Elimination of Gaseous Microemboli From Cardiopulmonary Bypass Using Hypobaric Oxygenation

BACKGROUND:

Numerous gaseous microemboli (GME) are delivered
into the arterial circulation during cardiopulmonary bypass (CPB).
These emboli damage end organs through multiple mechanisms that are
thought to contribute to neurocognitive deficits after cardiac surgery. Here, we use hypobaric oxygenation to reduce dissolved gases in blood and greatly reduce GME delivery during CPB.

METHODS:

Variable
subatmospheric pressures were applied to 100% oxygen sweep gas in
standard hollow fiber microporous membrane oxygenators to oxygenate and
denitrogenate blood. GME were quantified using ultrasound while air
embolism from the surgical field was simulated experimentally. We assessed end-organ tissues in swine postoperatively using light microscopy.

RESULTS:

Variable
sweep gas pressures allowed reliable oxygenation independent of carbon
dioxide removal while denitrogenating arterial blood.
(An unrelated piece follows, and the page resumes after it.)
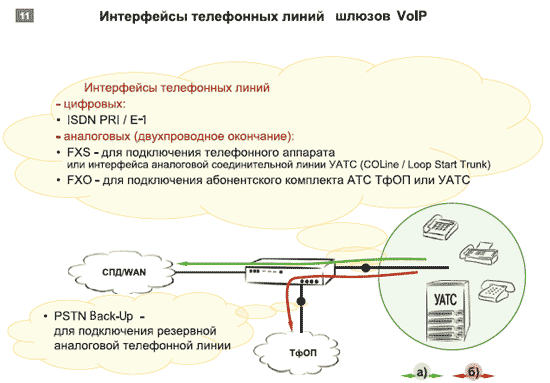 Не менее важная часть шлюзов VoIP — их интерфейсы со стороны телефонной сети и набор функций по обработке (маршрутизации) телефонных вызовов. Для сопряжения с устройствами телефонной сети шлюзам достаточно поддерживать три вида интерфейсов (см. Рисунок 11а): аналоговые FXS и FXO, а также цифровой E-1 (с поддержкой различных сигнализаций). При подключении шлюзов VoIP к аналоговой телефонной сети иногда требуется наличие порта, который аналогичен FXO, но может использоваться только для подключения резервной аналоговой телефонной линии (абонентского комплекта АТС ТфОП), куда направляется голосовой трафик (см. Рисунок 11б) в случае отказа сети IP (так называемый PSTN Back-Up).

Hypobaric
oxygenation produced dose-dependent reductions of Doppler signals
produced by bolus and continuous GME loads in vitro. Swine were
maintained using hypobaric oxygenation for 4 hours on CPB with no
apparent adverse events. Compared with current practice standards of
oxygen/air sweep gas, hypobaric oxygenation reduced GME volumes exiting
the oxygenator (by 80%), exiting the arterial filter (95%), and arriving
at the aortic cannula (∼100%), indicating progressive reabsorption of
emboli throughout the CPB circuit in vivo. Analysis of brain tissue
suggested decreased microvascular injury under hypobaric conditions.

CONCLUSIONS:

Hypobaric
oxygenation is an effective, low-cost, common sense approach that
capitalizes on the simple physical makeup of GME to achieve their
near-total elimination during CPB. This technique holds great potential
for limiting end-organ damage and improving outcomes in a variety of
patients undergoing extracorporeal circulation.